══ Data listing

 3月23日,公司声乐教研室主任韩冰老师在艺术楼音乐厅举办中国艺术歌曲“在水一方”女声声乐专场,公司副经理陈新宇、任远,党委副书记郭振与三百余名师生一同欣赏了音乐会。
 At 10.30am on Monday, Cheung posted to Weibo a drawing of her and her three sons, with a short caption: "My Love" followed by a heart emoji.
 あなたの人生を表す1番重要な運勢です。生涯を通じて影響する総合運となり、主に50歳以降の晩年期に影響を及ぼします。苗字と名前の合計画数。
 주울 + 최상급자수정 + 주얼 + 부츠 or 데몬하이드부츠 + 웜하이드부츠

════
══ Data listing

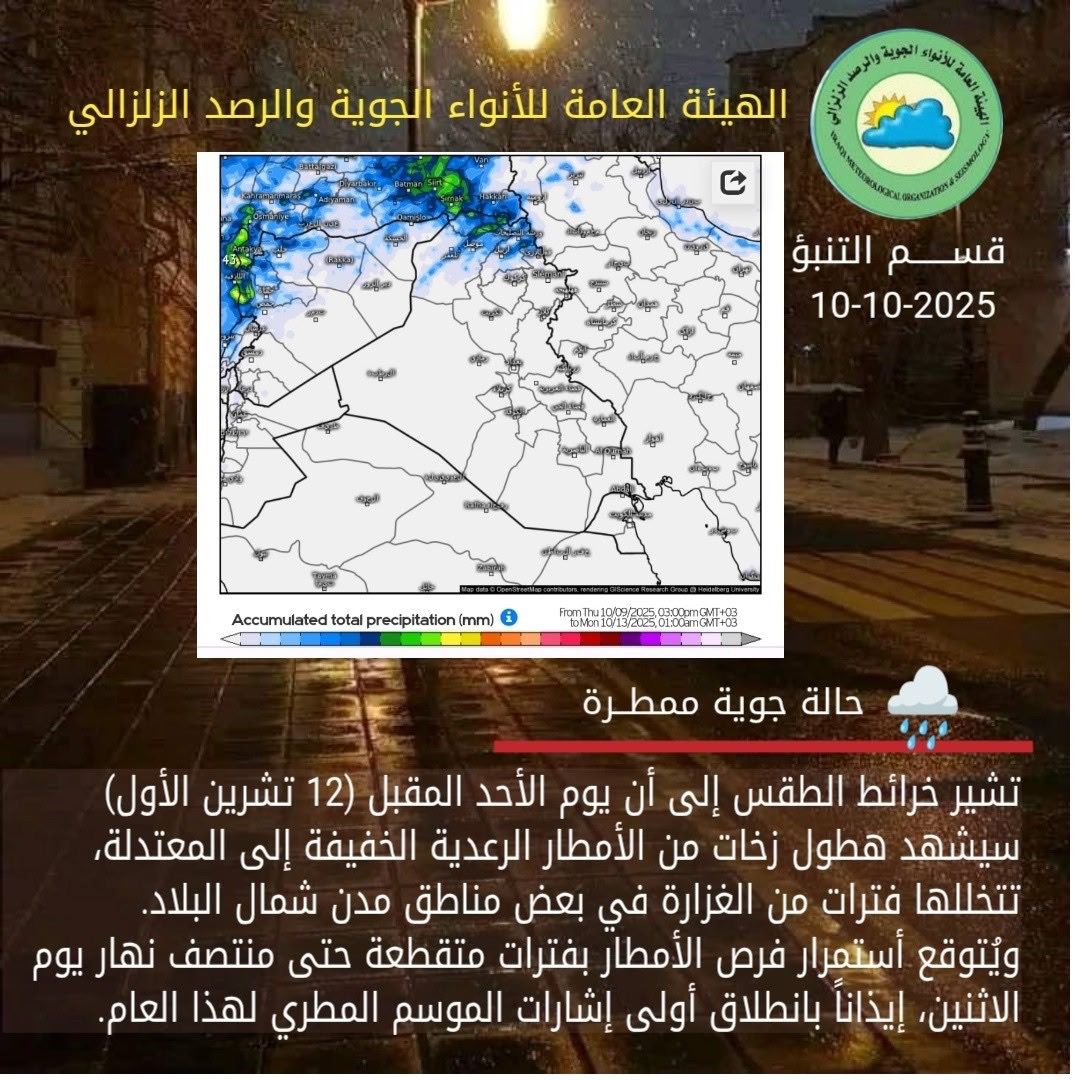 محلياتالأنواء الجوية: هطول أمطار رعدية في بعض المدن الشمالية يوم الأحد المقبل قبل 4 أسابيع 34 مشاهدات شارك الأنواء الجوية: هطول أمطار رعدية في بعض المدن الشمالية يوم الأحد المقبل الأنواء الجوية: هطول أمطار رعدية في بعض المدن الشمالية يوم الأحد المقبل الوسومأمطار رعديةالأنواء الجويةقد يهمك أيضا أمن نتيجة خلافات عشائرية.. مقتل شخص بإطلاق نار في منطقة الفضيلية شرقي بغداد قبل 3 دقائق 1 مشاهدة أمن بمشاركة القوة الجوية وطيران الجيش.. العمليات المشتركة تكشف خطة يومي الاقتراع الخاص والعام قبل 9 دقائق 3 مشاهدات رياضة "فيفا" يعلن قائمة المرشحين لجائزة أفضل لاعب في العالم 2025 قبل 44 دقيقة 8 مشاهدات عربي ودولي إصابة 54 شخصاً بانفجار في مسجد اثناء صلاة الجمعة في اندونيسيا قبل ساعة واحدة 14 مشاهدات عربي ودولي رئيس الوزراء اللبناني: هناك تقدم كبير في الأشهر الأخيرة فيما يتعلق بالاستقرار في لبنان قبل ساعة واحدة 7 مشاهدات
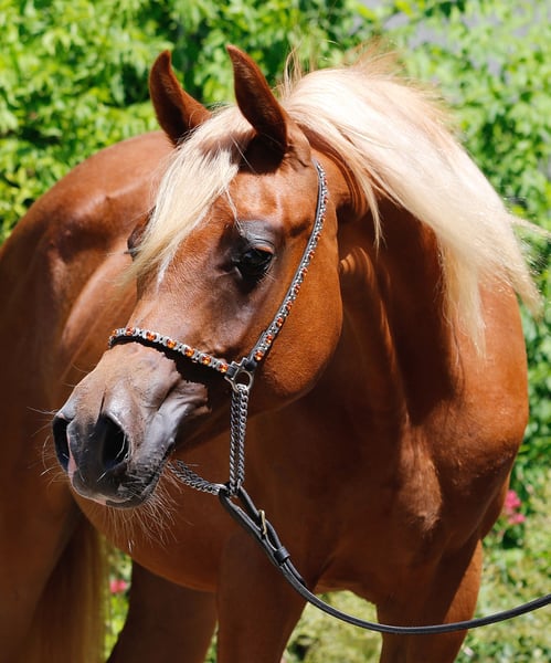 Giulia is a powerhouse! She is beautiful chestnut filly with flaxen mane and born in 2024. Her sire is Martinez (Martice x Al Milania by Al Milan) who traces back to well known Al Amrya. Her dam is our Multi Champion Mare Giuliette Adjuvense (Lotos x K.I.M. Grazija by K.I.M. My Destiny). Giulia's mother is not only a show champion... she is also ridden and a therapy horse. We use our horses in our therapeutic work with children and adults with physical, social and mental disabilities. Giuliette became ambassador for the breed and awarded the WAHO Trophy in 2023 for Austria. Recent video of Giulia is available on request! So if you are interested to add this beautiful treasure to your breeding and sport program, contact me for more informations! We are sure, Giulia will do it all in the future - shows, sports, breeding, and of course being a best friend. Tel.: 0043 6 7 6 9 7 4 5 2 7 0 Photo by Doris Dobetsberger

════
══ Data listing

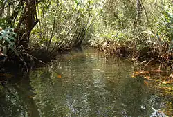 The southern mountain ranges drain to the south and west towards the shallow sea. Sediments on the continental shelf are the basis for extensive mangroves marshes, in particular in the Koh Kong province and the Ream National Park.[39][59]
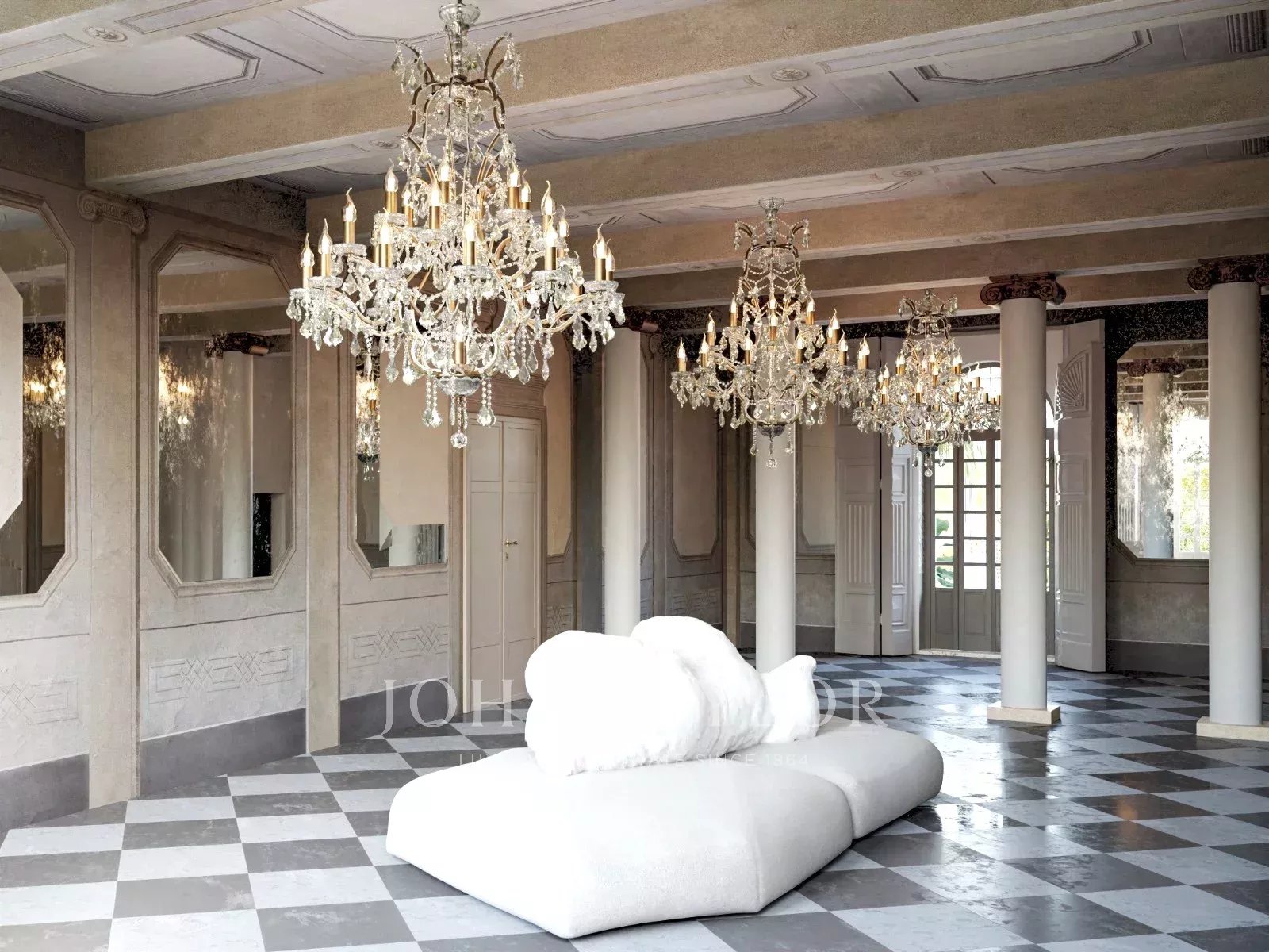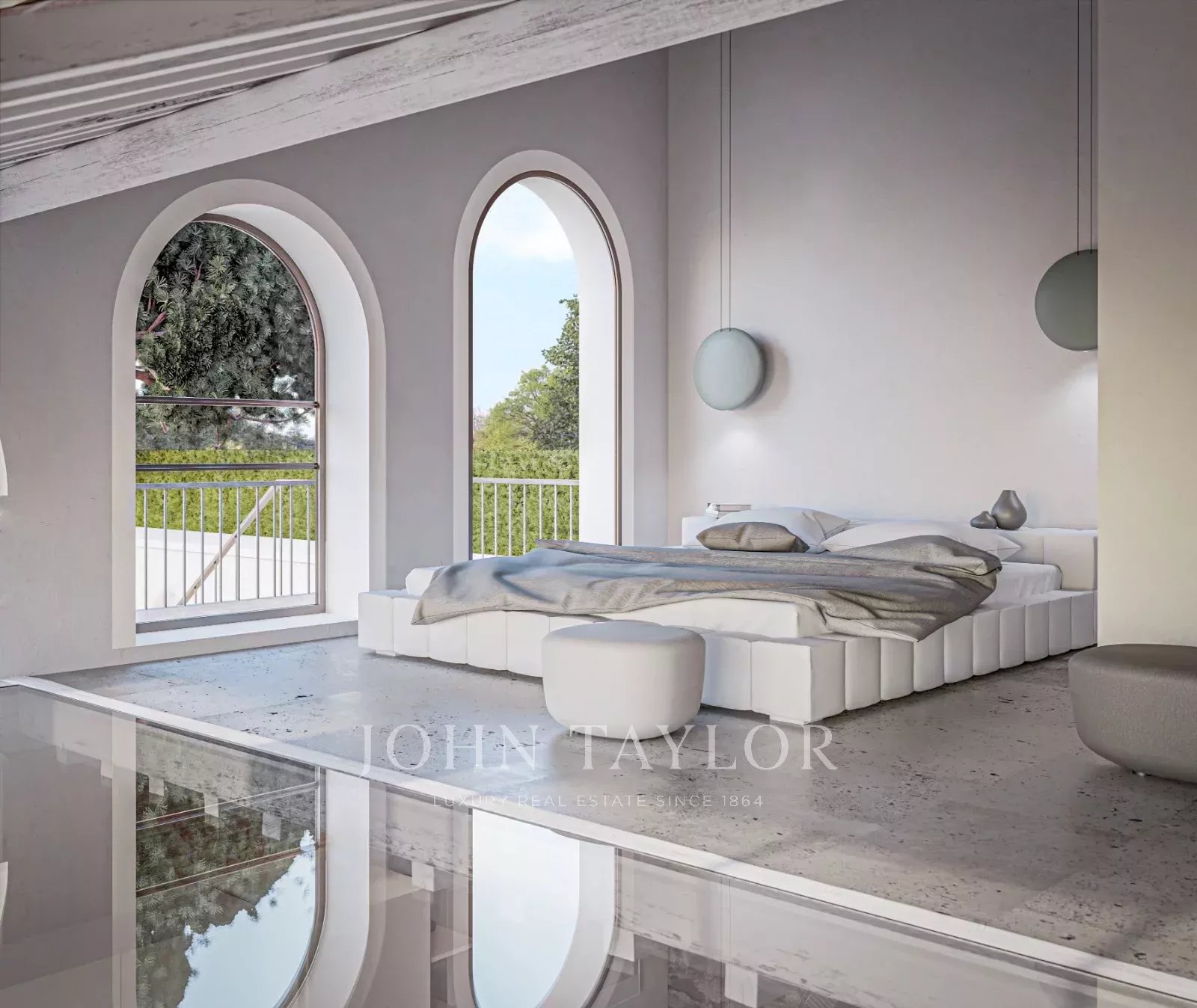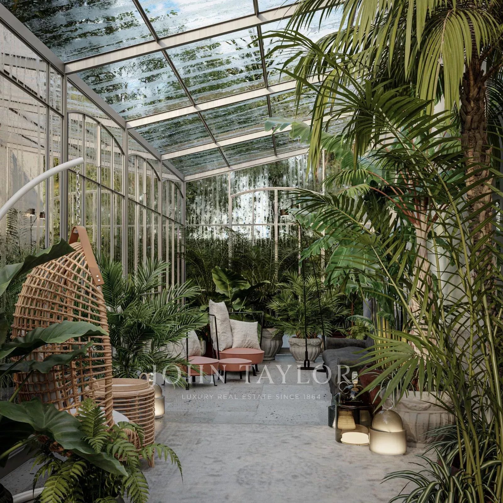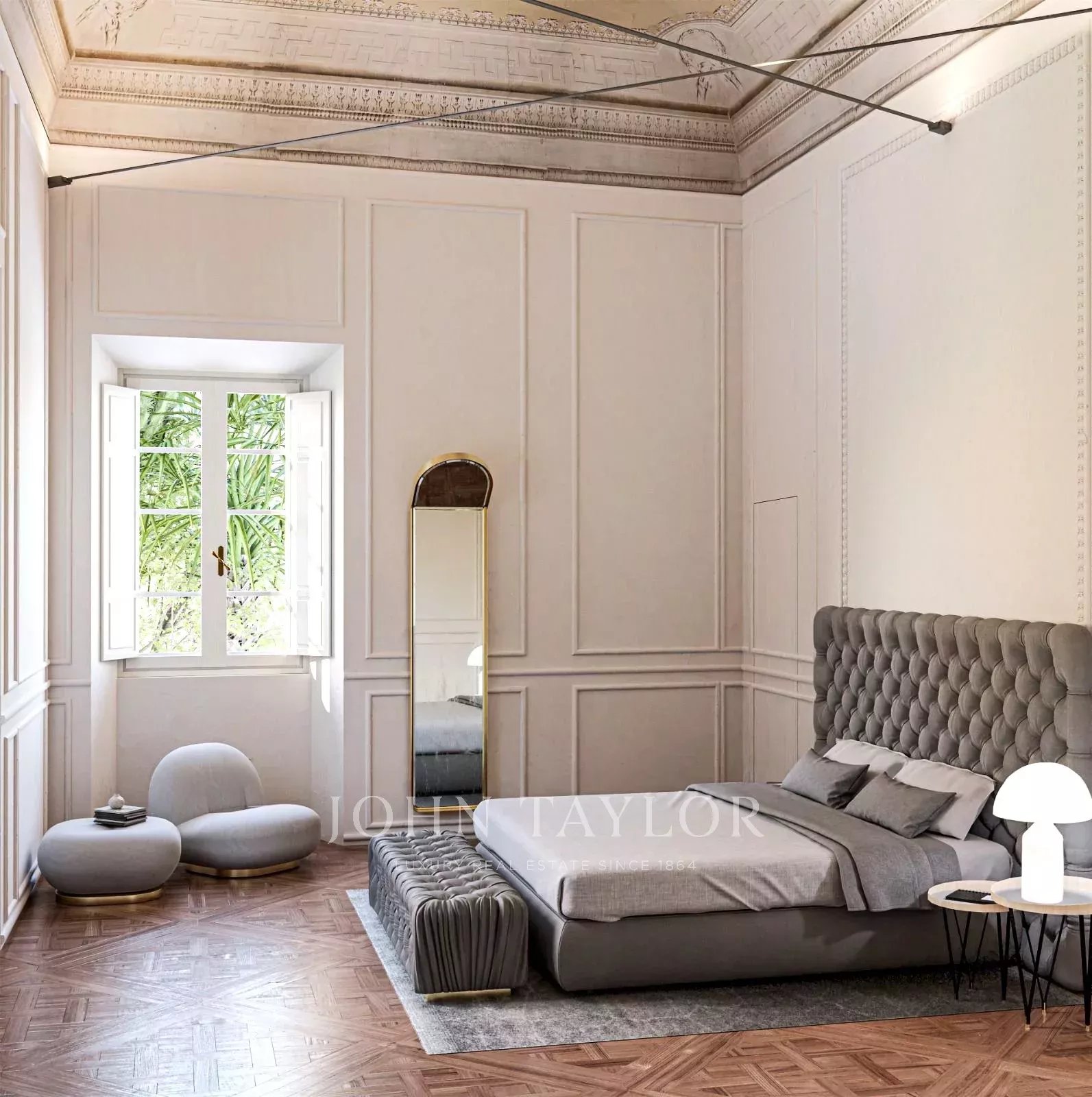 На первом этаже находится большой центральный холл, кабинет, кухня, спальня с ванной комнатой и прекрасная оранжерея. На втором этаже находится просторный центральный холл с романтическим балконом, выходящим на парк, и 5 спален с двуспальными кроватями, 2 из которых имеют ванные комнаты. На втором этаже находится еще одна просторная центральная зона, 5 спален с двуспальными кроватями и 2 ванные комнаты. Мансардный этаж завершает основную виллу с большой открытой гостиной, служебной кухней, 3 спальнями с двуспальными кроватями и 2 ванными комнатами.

════

--- Exercise details ---
Please copy, exactly and with nothing else, the lines above beginning at the line that has "3月23日,公司声乐教研室主" and ending with the line that has "주울 + 최상급자수정 + 주얼 + 부츠 or 데몬하이드부츠 + 웜하이드부츠".

--- Reply to the exercise ---
 3月23日,公司声乐教研室主任韩冰老师在艺术楼音乐厅举办中国艺术歌曲“在水一方”女声声乐专场,公司副经理陈新宇、任远,党委副书记郭振与三百余名师生一同欣赏了音乐会。
 At 10.30am on Monday, Cheung posted to Weibo a drawing of her and her three sons, with a short caption: "My Love" followed by a heart emoji.
 あなたの人生を表す1番重要な運勢です。生涯を通じて影響する総合運となり、主に50歳以降の晩年期に影響を及ぼします。苗字と名前の合計画数。
 주울 + 최상급자수정 + 주얼 + 부츠 or 데몬하이드부츠 + 웜하이드부츠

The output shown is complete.